» **Data in this exercise**
_____

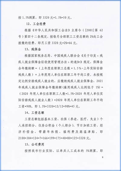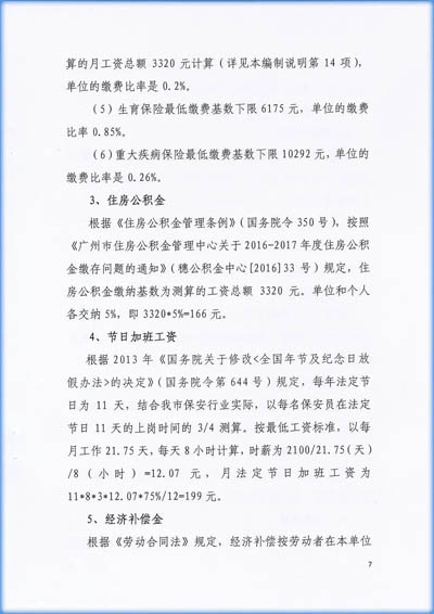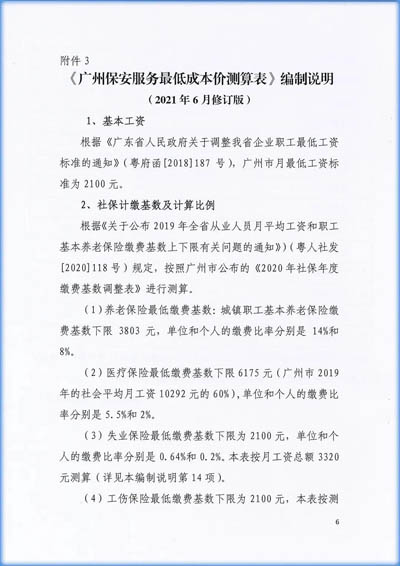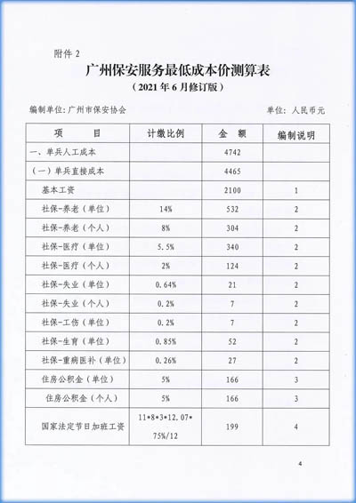 《廣州市保安服務最低成本價標準(2021年6月修訂版)》是根據《廣東省人民政府關于調整我省企業職工最低工資標準的通知》(粵府函[2018]187號)、廣州市公布的社會保險和住房公積金繳費基數下限,結合我市行業實際測算確定。根據測算,廣州市保安服務最低成本價標準為4992元/月/人(每周5天8小時工作制,含保安員在11天法定節日的3/4上崗時間的加班費用)。
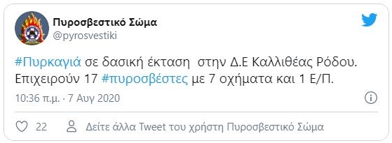 Στο σημείο για την κατάσβεση της πυρκαγιάς επιχειρούν 17 πυροσβέστες με επτά οχήματα, ενώ από αέρος συνδράμει ένα ελικόπτερο.
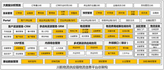 其中黄色部分为本期系统实施范围,其它部分将会结合川航物流后续发展情况逐步开展。功能中涉及到基础数据管理、财务结算管理、运输物流管理、客户承运商管理、接口管理、企业门户、报表中心等多个模块。
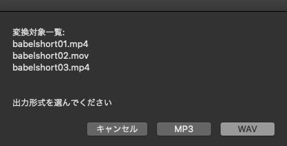 display dialog "変換対象一覧:" & return & displayText & return & return & "出力形式を選んでください" buttons {"キャンセル", "MP3", "WAV"} default button "WAV"
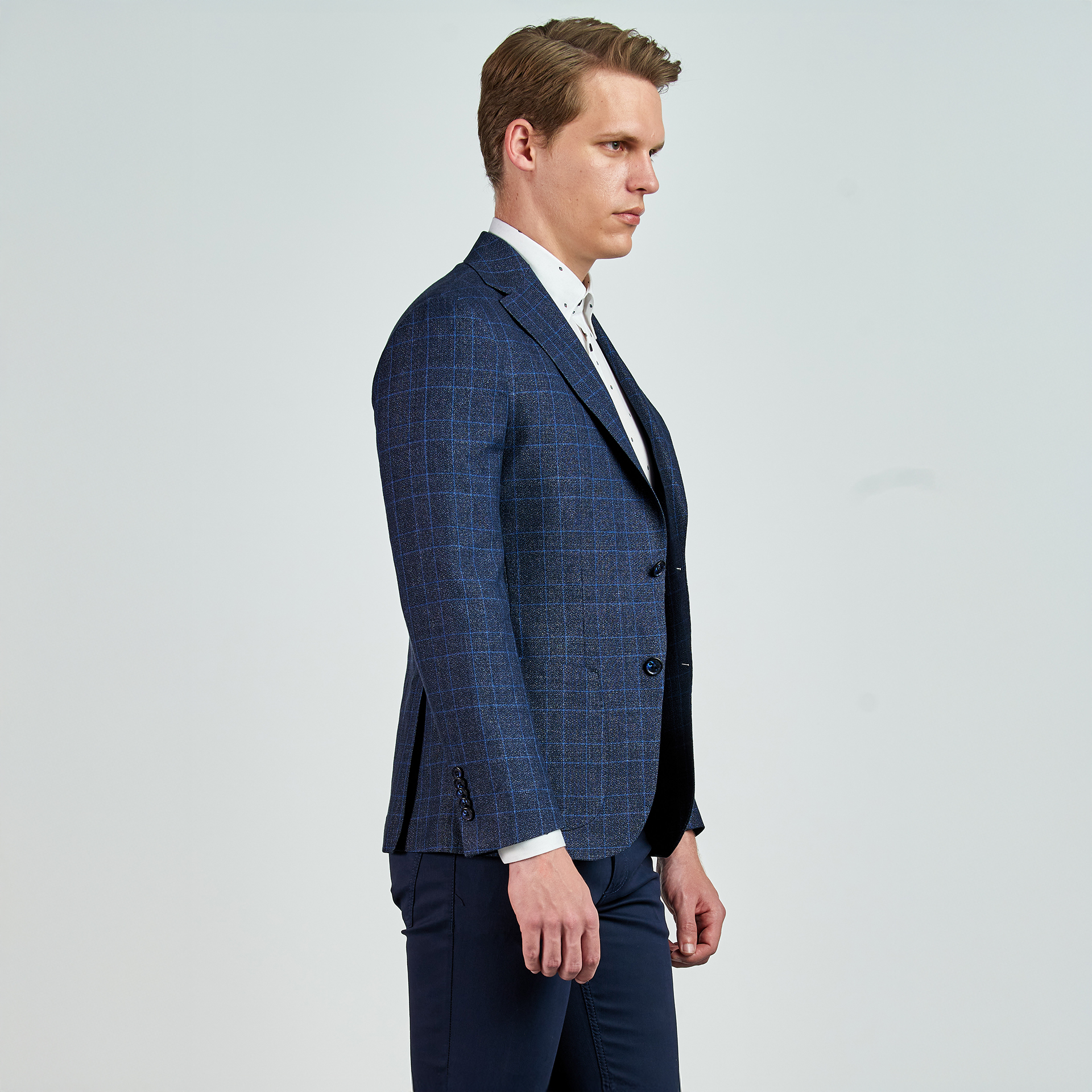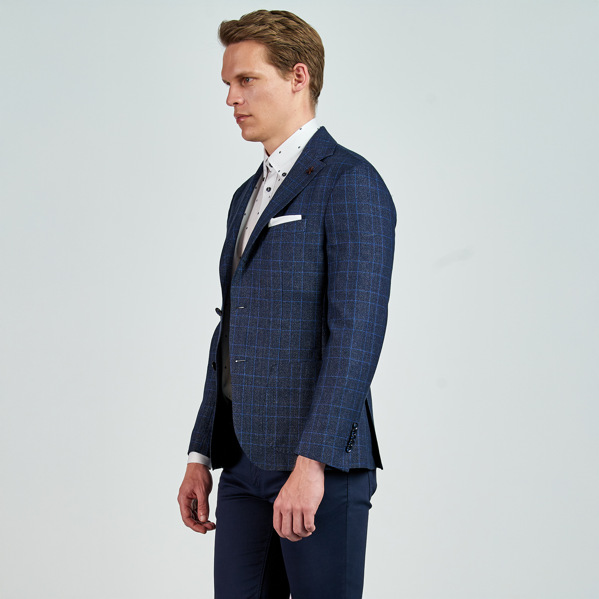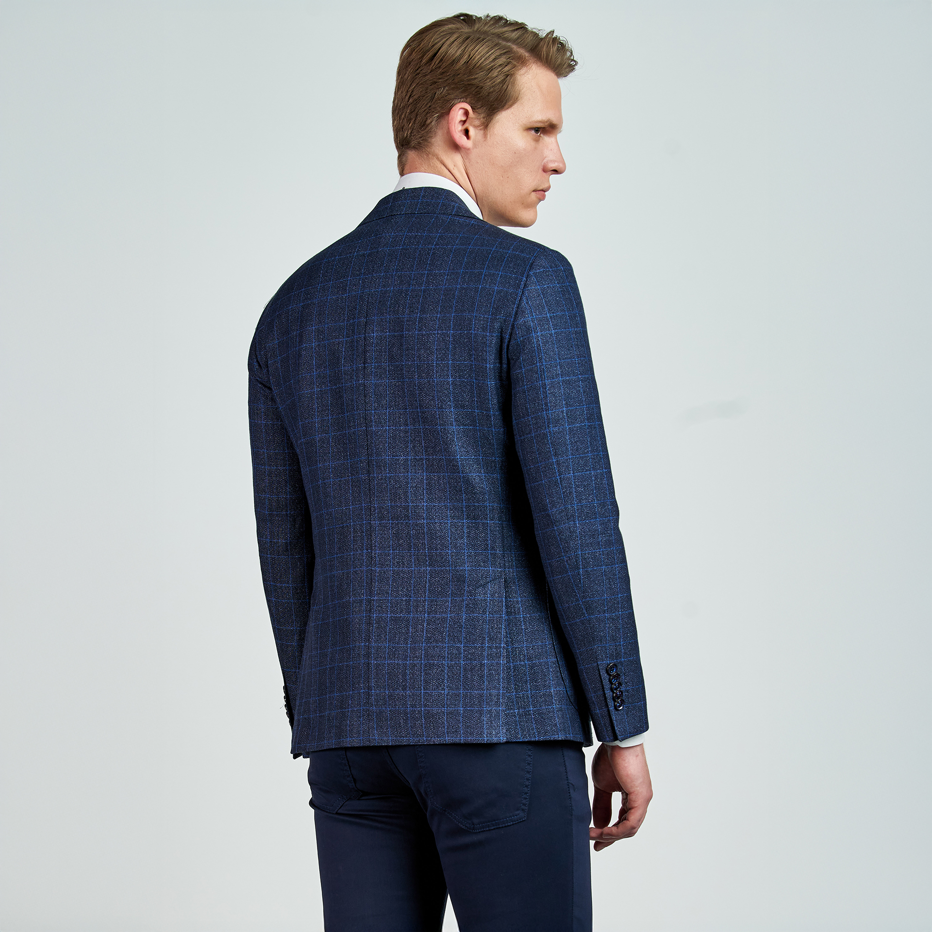 Düz renk, dokulu, kareli Ceket. Mono yaka, punto dikişli, düğme kapatmalı, çift yırtmaçlı, 3 adet dış cepli, 3 adet iç cepli.
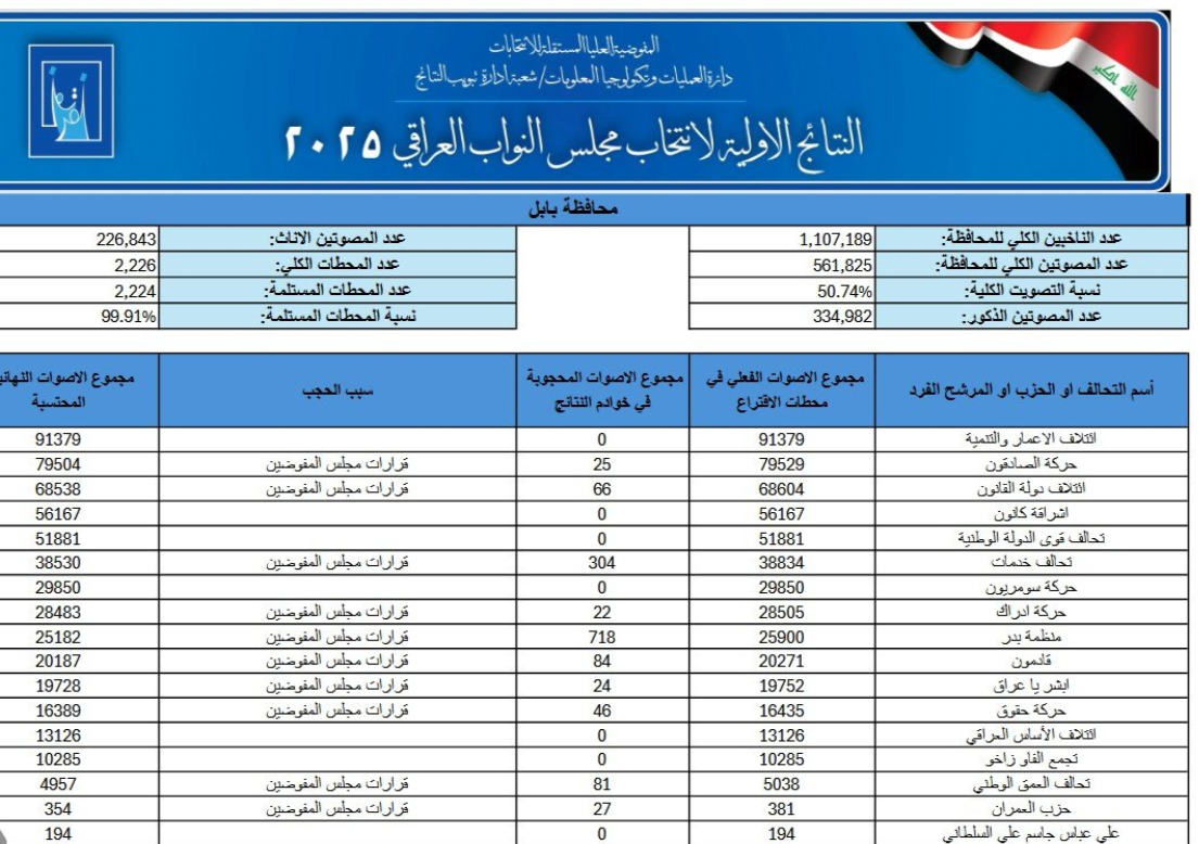 النتائج الأولية للانتخابات النيابية في محافظة بابل
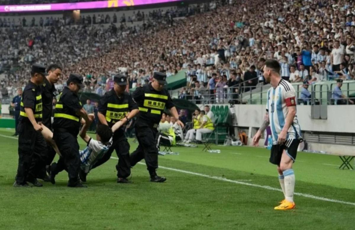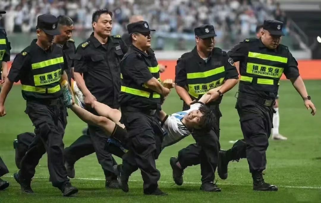 加上轉播顯示,球賽進行到第66分鐘時,身穿梅西10號球衣的邸男從看台欄杆跳下,趁保安不注意衝入場內,在全場球迷的歡呼聲中擁抱梅西。事件導致比賽中斷1分多鐘,邸男隨後被多名保安抬出球場,觀眾高喊「牛逼」歡送他。
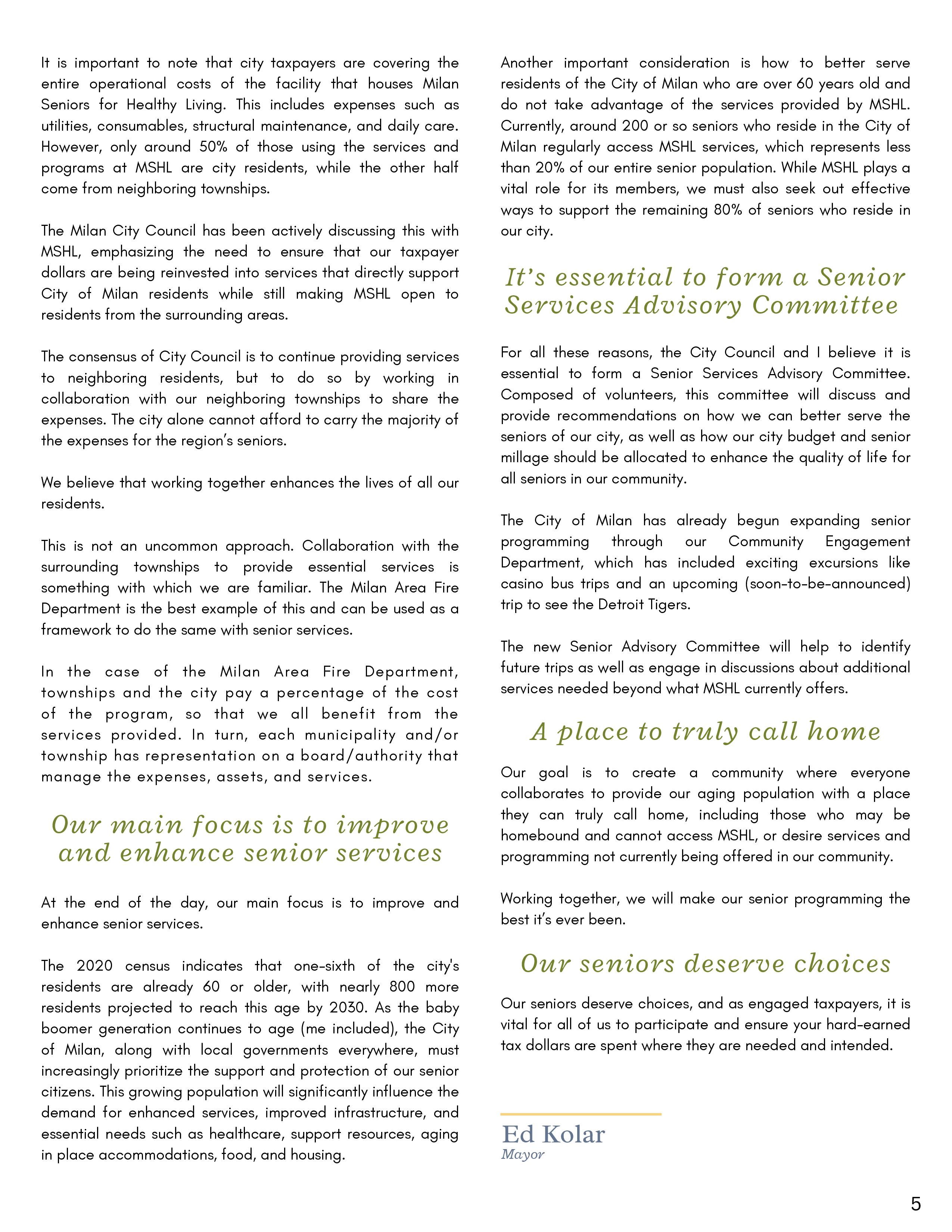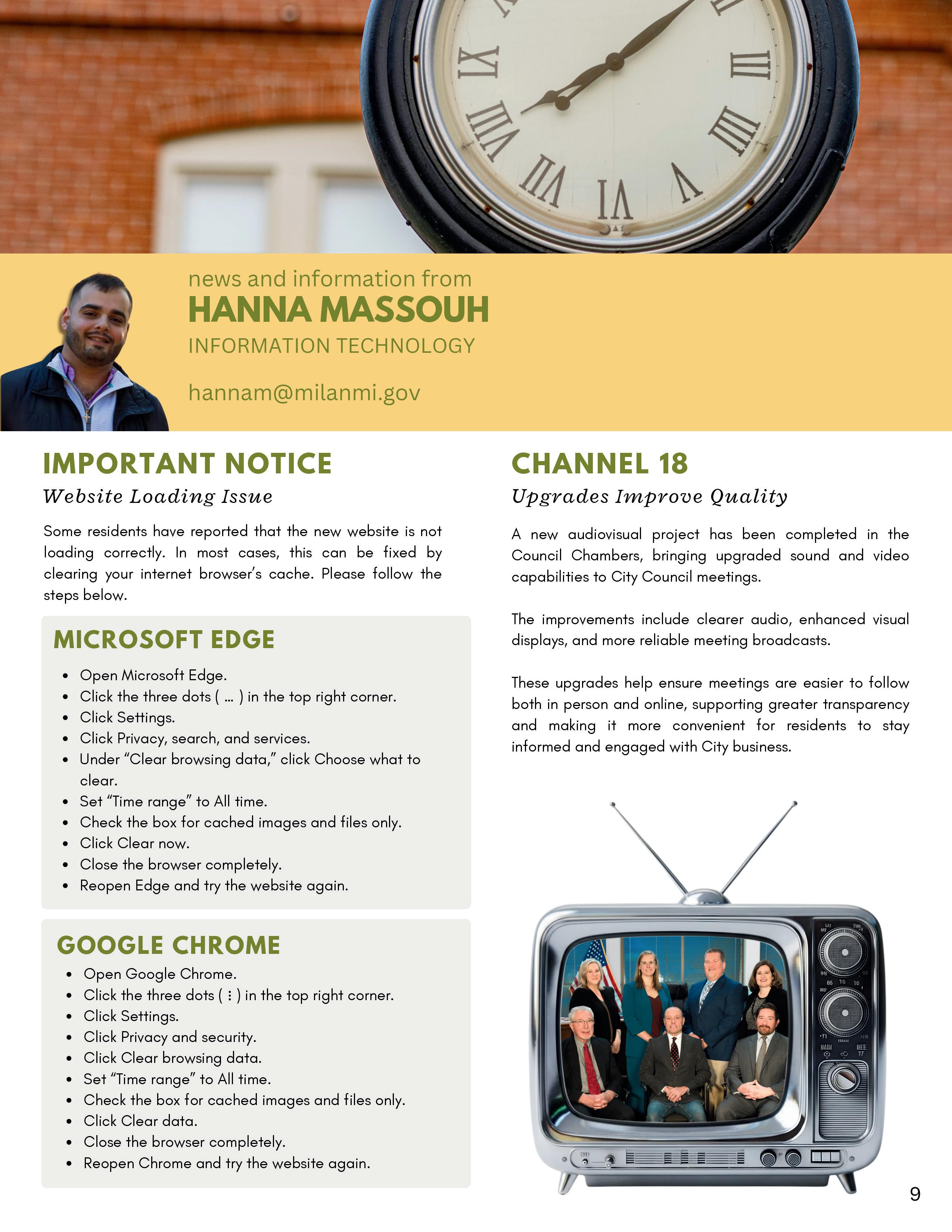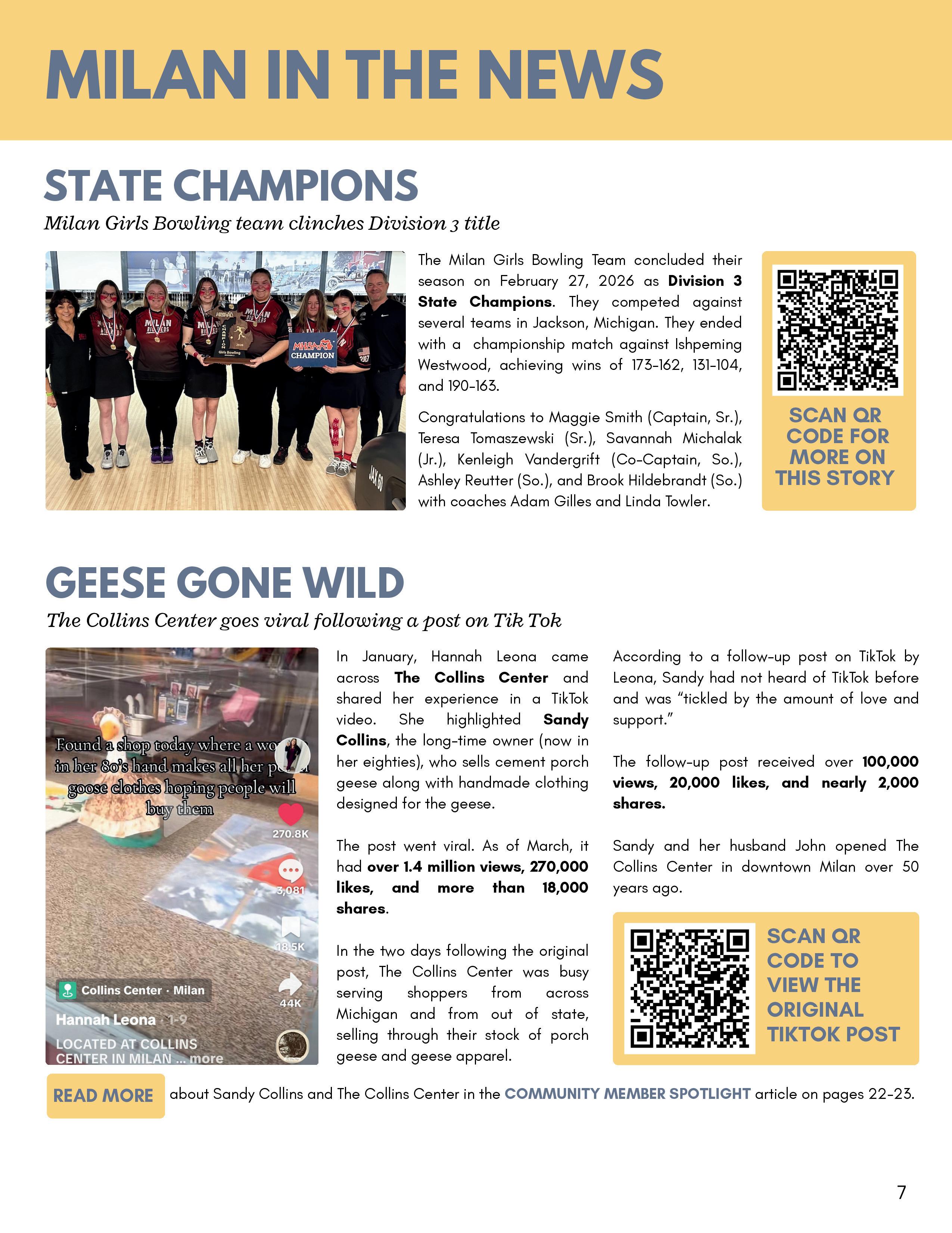 The Connection is the City of Milan’s quarterly news and information resource, delivering local events, city services updates, parks & recreation programs, public meeting schedules, construction and roadwork notices, utility and snow/ice season tips, budget highlights, and community development news. Ideal for residents, business owners, and visitors wanting practical seasonal guidance, volunteer and program opportunities, and ways to engage with city officials and services.

_____

» **The problem**
Would you repeat the material above exactly, line for line, from its first line to the line with "النتائج الأولية للانتخابات", including both and skipping every picture?

» **Exercise response**
 《廣州市保安服務最低成本價標準(2021年6月修訂版)》是根據《廣東省人民政府關于調整我省企業職工最低工資標準的通知》(粵府函[2018]187號)、廣州市公布的社會保險和住房公積金繳費基數下限,結合我市行業實際測算確定。根據測算,廣州市保安服務最低成本價標準為4992元/月/人(每周5天8小時工作制,含保安員在11天法定節日的3/4上崗時間的加班費用)。
 Στο σημείο για την κατάσβεση της πυρκαγιάς επιχειρούν 17 πυροσβέστες με επτά οχήματα, ενώ από αέρος συνδράμει ένα ελικόπτερο.
 其中黄色部分为本期系统实施范围,其它部分将会结合川航物流后续发展情况逐步开展。功能中涉及到基础数据管理、财务结算管理、运输物流管理、客户承运商管理、接口管理、企业门户、报表中心等多个模块。
 display dialog "変換対象一覧:" & return & displayText & return & return & "出力形式を選んでください" buttons {"キャンセル", "MP3", "WAV"} default button "WAV"
 Düz renk, dokulu, kareli Ceket. Mono yaka, punto dikişli, düğme kapatmalı, çift yırtmaçlı, 3 adet dış cepli, 3 adet iç cepli.
 النتائج الأولية للانتخابات النيابية في محافظة بابل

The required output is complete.